Moondance might have been a statue; a silvered god sitting with one leg curled beneath him, resting his crossed arms on his upraised knee, face tilted up to the moon. Moonlight flowed over him in a flood of liquid silver.

"There was a boy," Moondance said, quietly. "His name was Tallo. His parents were farmers, simple people, good people in their way, really. Very tied to their ways, to their land, to the cycle of the seasons. This Tallo… was not. He felt things inside him that were at odds with the life they had. They did not understand their son, who wanted more than just the fields and the harvests. They did love him, though. They tried to understand.
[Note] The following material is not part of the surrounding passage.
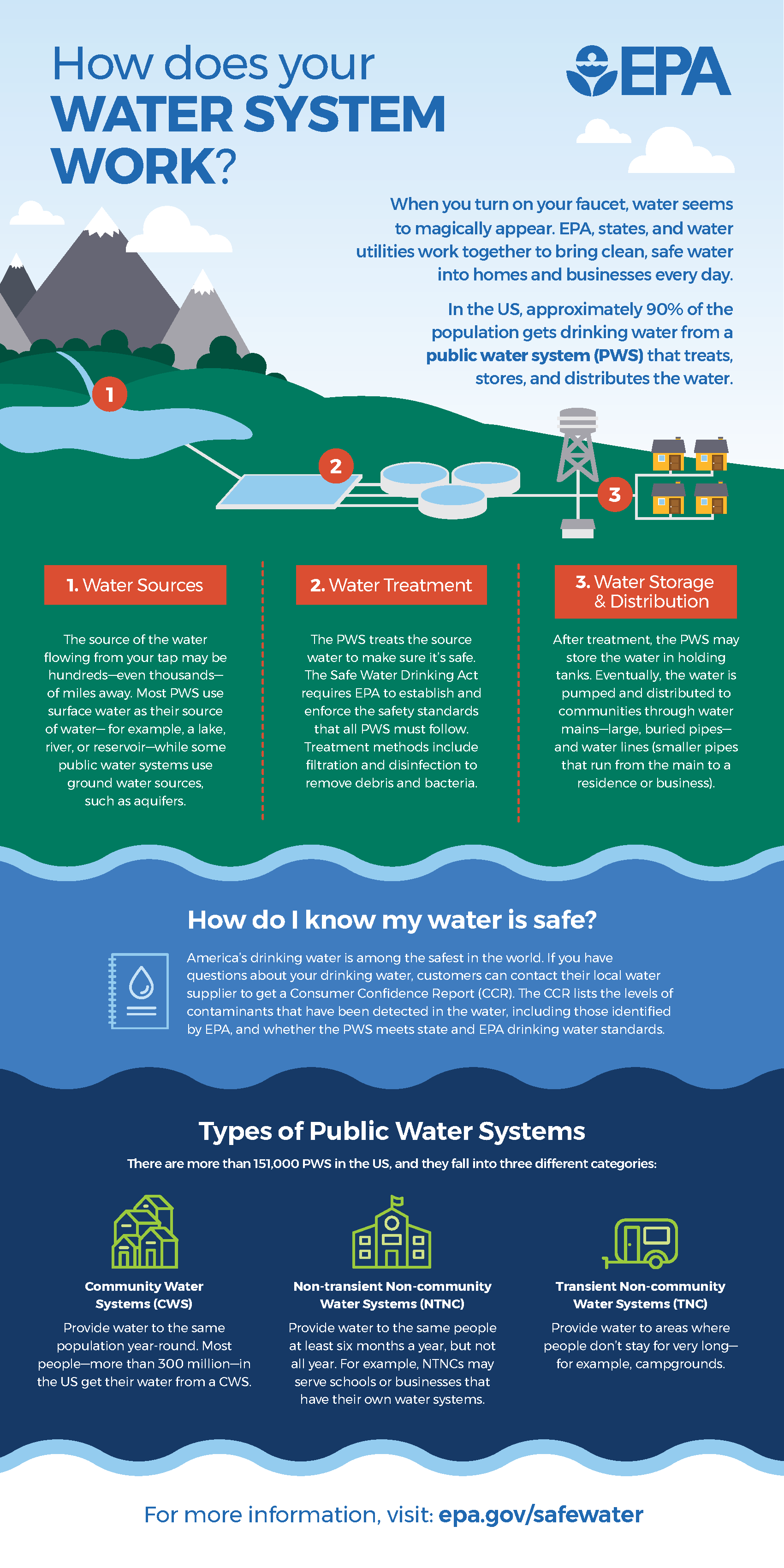 Poster, "How Does Your Water System Work?"

They got him learning, as best they could; they tried to interest the priest in him. They didn't know that what the boy felt inside himself was something other than a vocation. It was power, but power of another sort than the priest's. The boy learned at last from the books that the priest found for him that what he had was what was commonly called magic, and from those few books and the tales he heard, he tried to learn what to do with it. This made him - very different from his former friends, and he began to walk alone. His parents did not understand this need for solitude, they did not understand the strange paths he had begun to walk, and they tried to force him back to the ways of his fathers. There were - arguments. Anger, a great deal of it, on both sides. And there was another thing. They wished him to wed and begin a family. But the boy Tallo had no yearning toward young women - but young men - that was another tale."

Moondance sighed, and in the moonlight Vanyel saw something glittering wetly on his eyelashes. "Then, the summer of the worst of the arguments, there came a troupe of gleemen to the village. And there was a young man among them, a very handsome young man, and the boy Tallo found that he was not the only young man in the world who had yearnings for his own sex. They quickly became lovers - Tallo thought he had never been so happy. He planned to leave with the gleemen, to run away and join them when they left his village, and his lover encouraged this. But it happened that they were found together. The parents, the priest, the entire village was most wroth, for such a thing as shay'a'chern was forbidden even to speak of, much less to be. They - beat Tallo, very badly; they beat the young gleeman, then they cast Tallo and his lover out of the village. Then it was that the young gleeman spurned Tallo, said in anger and in pain what he did not truly mean, that he wanted nothing of him. And Tallo became wild with rage. He, too, was in pain; he had suffered for this lover, been cast out of home and family for his sake, and now he had been rejected - and he called the lightning down with his half-learned magic. He did not mean to do anything more than frighten the young man - but that was not what happened. He killed him; struck him dead with the power that he could not control."